Most blogs that describe tips and best practices when applying to YC have one advice in common - &quot;Get customers&quot;, &quot;Prove that someone needs your product&quot;, &quot;Get signups, email addresses&quot; etc. And while that is a very valid and important point, for some of us though its harder than that. Even if one has a prototype, the companies they work for have strict policies that prevent doing business on the side, let alone the fact that the H1 visa also explicitly prevents you from having any other source of income or starting a corp. The only options would be to go all in and go to their home country to develop the product further, at which point they&#x27;ve abandoned everything they&#x27;ve worked hard for all this while, - or - wait for a green card, which is elusive if you are from one of the populous Asian countries.
What other options does one have? Have any H1s successfully made it to YC? Could they describe their experience?<p>Also, please correct me if I&#x27;m wrong here, but despite assurances from YC folk and Sam himself that you can and should apply even if you have just an idea or prototype, blog after blog suggest you need to be much further than that to get through the tough competition.
======
vishalzone2002
I am on a H1 and I have been thinking of applying. Here are my thoughts :

\- Somewhat illegal but less risky is to take an unpaid leave from your
employer and as you build you own company, come back, resign and transfer visa
to your own company.

\- If you are married and your wife is working, you can transfer to H4 and
once you have your own company, apply for a h1 again. The risk here is pretty
huge as getting back on h1 is a lucky draw system especially if you are from
India/China.

\- Go back to school by transferring to F1 visa and take a semester off or you
can work on OPT.

\- People have also used travel visa which for some reason is illegal and
risky, IMO.

\- Can't think of other ideas. Maybe wait for the reform...

------
Spoom
Wouldn't you need to be employed to stay legal?
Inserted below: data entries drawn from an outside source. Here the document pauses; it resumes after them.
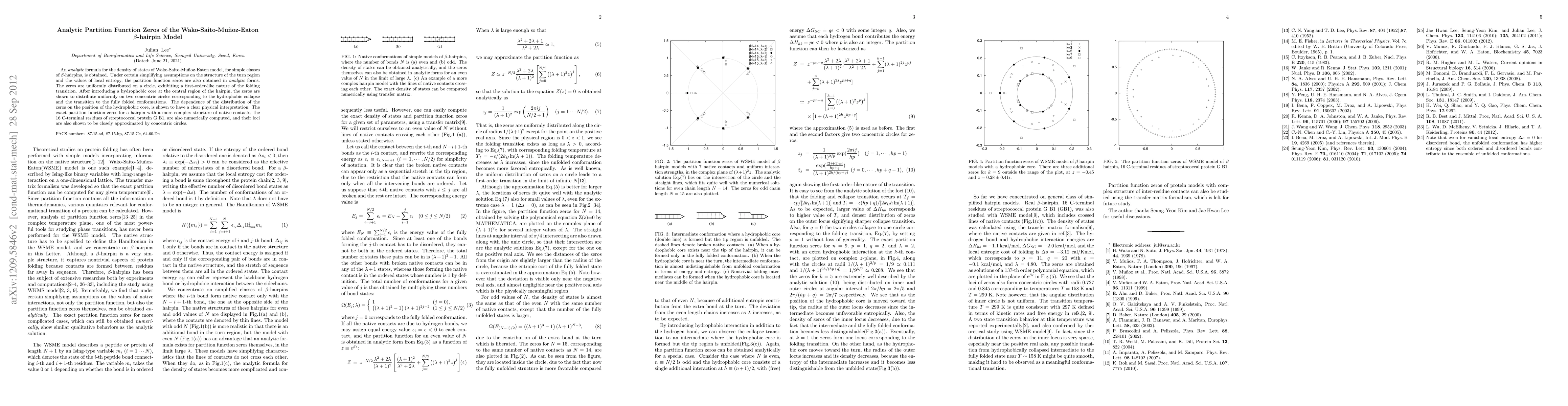 An analytic formula for the density of states of Wako-Saito-Munoz-Eaton model, for a simple class of beta-hairpins, is obtained. Under certain simplifying assumptions on the structure of the native contacts and the values of local entropy, the partition function zeros are also obtained in analytic forms. The zeros are uniformly distributed on a circle, exhibiting a first-order-like nature of the folding transition. After introducing hydrophobic core at the central region of the hairpin, the zeros are shown to distribute uniformly on two concentric circles corresponding to the hydrophobic collapse and the transition to the fully folded conformations. The dependence of the distribution of the zeros on the position of the hydrophobic core, is shown to have a clear physical interpretation. The exact partition function zeros for a hairpin with a more complex structure of native contacts, the 16 C-terminal residues of streptococcal protein G B1, are also numerically computed, and their loci are also shown to be closely approximated by concentric circles.
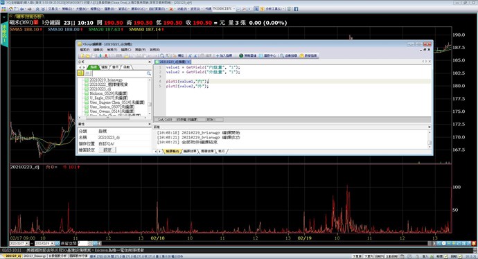 小幫手方才使用XS自訂指標是可以顯示 02/17 ~ 02/19 的內盤量與外盤量資訊,如下圖與附檔圖。
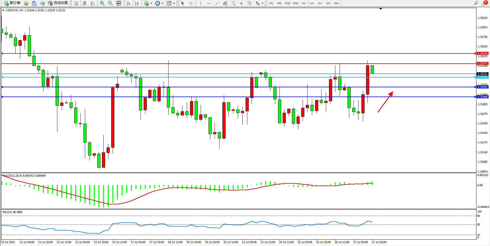 美元加元USDCAD——4小时K线图显示:
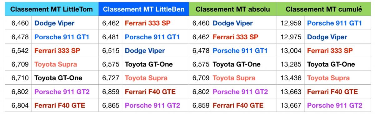 Il y a manifestement un groupe de trois voitures qui se détache du lot: la Viper, la Porsche 911 GT1 et la Ferrari 333 SP. Les écarts de performance selon les critères mentionnés plus haut sont très faibles. J'ai personnellement trouvé la 333 SP la plus agréable à piloter et à pousser dans ses retranchements, alors que Thomas a préféré la Viper. La 911 GT1 n'est en tête que d'un classement, celui des meilleurs temps cumulés. C'est peut-être elle la gagnante, finalement ...

 _If a foreign worker in H-1B status quits or is dismissed from the sponsoring
employer, the worker must either apply for and be granted a change of status
to another non-immigrant status, find another employer (subject to application
for adjustment of status and /or change of visa), or leave the U.S._ [1]

It would seem difficult to both be in YC and working full time for an
employer.

1\.
[http://en.wikipedia.org/wiki/H-1B_visa](http://en.wikipedia.org/wiki/H-1B_visa)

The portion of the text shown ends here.